If you did all this three months ago, you may be dealing with Google's time factor in getting things sorted out after the rewrite. You've got enough going on there to confuse the heck out of a spider. It's going to take some time for a spider to sort out what you've done.
My advice? Hire someone who knows exactly what they are doing. Have them do a complete discovery of before and after. There will need to be some cleanup from the previous incarnation and also from the current one. This is not a push-button fix. You first need to undo what is being done and then redo it the correct way.
Google is going to continue to index the old URIs for a few months. At first, they will go supplemental. Then they will slowly start to disappear. During this process, the new URIs are getting indexed and may go supplemental too. But, once they get fully indexed, the supplemental tags should go away. This will all take time. I'd plan on at least 6-9 months to sort everything out that you have going on.
Personally, I would have consulted with someone who specializes in this area before making the change. You may have added insult to injury and it is really difficult to tell without a full discovery.
Good luck.
Getting Google to deindex stuff they had already found at the "wrong" URL was the most difficult of all the tasks.
Many of the problems come from basic design errors within the package itself. It needs a lot of work to make it SE friendly.
Personally, I would have consulted with someone who specializes in this area before making the change. You may have added insult to injury and it is really difficult to tell without a full discovery.
This is exactly what I saw: implementing a complete correction and permanent seo url solution to a prepackaged product, especially one as bad as oscommerce, is not trivial, and the odds of someone who isn't fairly well versed in mod_rewrite etc doing this successfully are very low. But, sadly, so are the odds of people actually doing what's necessary and paying someone to help them.
For one, you have blank pages returning a 200 status. You have popup pages being indexed. You have some fatal errors in the html.
In fact, the mod-rewrite one is having a lot of supplemental issues with google and it taking forever to get new pages indexed.
I agree there are issues with the oscommerce stores.

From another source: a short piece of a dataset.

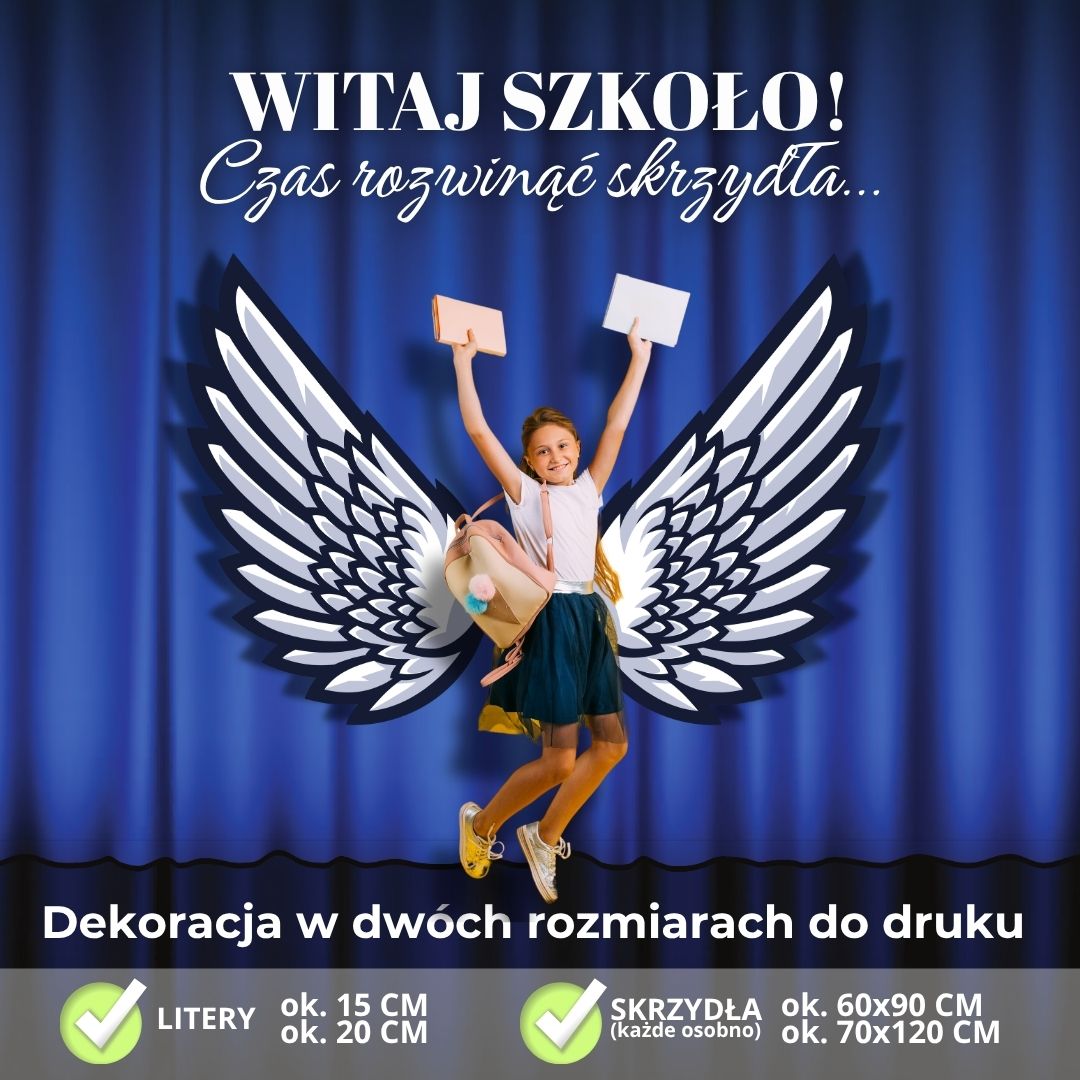 Po zawieszeniu na ścianie skrzydła tworzą niezwykłe tło do zdjęć – wystarczy, że dziecko stanie między nimi, by wyglądało, jakby miało je naprawdę! To nie tylko wspaniała pamiątka, ale też symbol gotowości do nowych wyzwań, marzeń i szkolnych przygód. Dekoracja dostępna jest w wygodnym formacie PDF do samodzielnego wydruku. Kilka chwil i gotowe – efekt robi wrażenie, a przygotowanie jest dziecinnie proste!

However, prior to Big Daddy, my osc stores ranked very, very well.
With so many sites reporting google issues (not just osc stores), I am not sure jumping in and changing everything is such a good idea.
Hopefully google will fix their latest buggy update.
The only people I see in denial about this are the ones who think that it's the same google with some light window dressing type changes. And whose sites not only do not have any trust, they will never have it. And who will never fix their site's technical errors, let alone admit that they exist, or should be fixed.
I did get a dedicated OS commerce company to do this for me.. someone I actually found on this forum!
LOL, that's really funny. I did one OSCommerce install, and it will be the last one I ever do, a repair actually. Anyone who can work with that product and not be totally repulsed... and then who decides it's a good idea to form a 'dedicated oscommerce' company, is probably one of the developers I've heard about who have come to realize they have the name recognition that will make people use their product, and the product itself is so bad that you have to pay a dedicated company to implement it. And I'll bet at least one employee of that company is an oscommerce developer.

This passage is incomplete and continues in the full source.